Bash is incorrectly and inconsistently expanding tilde in $PATH

2017-05-04 Thread Nikolay Aleksandrovich Pavlov (ZyX)
configuration Information [Automatically generated, do not change]:
Machine: x86_64
OS: linux-gnu
Compiler: x86_64-pc-linux-gnu-gcc
Compilation CFLAGS:  -DPROGRAM='bash' -DCONF_HOSTTYPE='x86_64' 
-DCONF_OSTYPE='linux-gnu' -DCONF_MACHTYPE='x86_64-pc-linux-gnu' 
-DCONF_VENDOR='pc' -DLOCALEDIR='/usr/share/locale' -DPACKAGE='bash' -DSHELL 
-DHAVE_CONFIG_H   -I. -I./include -I. -I./include -I./lib  
-DDEFAULT_PATH_VALUE='/usr/local/sbin:/usr/local/bin:/usr/sbin:/usr/bin:/sbin:/bin'
 -DSTANDARD_UTILS_PATH='/bin:/usr/bin:/sbin:/usr/sbin' 
-DSYS_BASHRC='/etc/bash/bashrc' -DSYS_BASH_LOGOUT='/etc/bash/bash_logout' 
-DNON_INTERACTIVE_LOGIN_SHELLS -DSSH_SOURCE_BASHRC -DUSE_MKTEMP -DUSE_MKSTEMP 
-O2 -march=native -mtune=native -pipe
uname output: Linux zyx-desktop 4.10.12-gentoo #1 SMP Tue Apr 25 19:08:41 MSK 
2017 x86_64 AMD FX(tm)-6200 Six-Core Processor AuthenticAMD GNU/Linux
Machine Type: x86_64-pc-linux-gnu

Bash Version: 4.3
Patch Level: 48
Release Status: release

Description:
If $PATH in bash contains ~ (e.g. `PATH='~/bin'`) it is incorrectly 
treated 
as if $HOME is present.

This may even present a small security risk under certain 
circumstances: 
e.g. consider an unexperienced admin which has `PATH="~/bin:$PATH"` in 
his 
bashrc.
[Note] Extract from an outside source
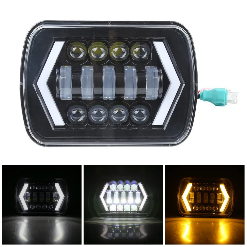 7x6" LED Headlight 5x7 inch Sealed Beam Led Headlight with White DRL/Amber Turn Signal Arrow Halo f

He received an archive with potentially malicious software and 
wants 
to analyze it. To do this he created a new directory, made it current 
and 
unpacked archive to the place. After that he found that archive 
contains 
executables `~/bin/init.sh` and `~/bin/python3`. So to determine what 
this 
software targets he opens `~/bin/init.sh` like this: `nvim 
\~/bin/init.sh`. 
And whoops, he just has some keylogger running as his user: he has 
https://github.com/Shougo/denite.nvim installed for his nvim so nvim 
needs 
python3 and just executed `./~/bin/python3`, because the only 
application 
which expands `~/` in `$PATH` is bash and Neovim python provider is 
using 
`system([])` form which calls in libuv directly.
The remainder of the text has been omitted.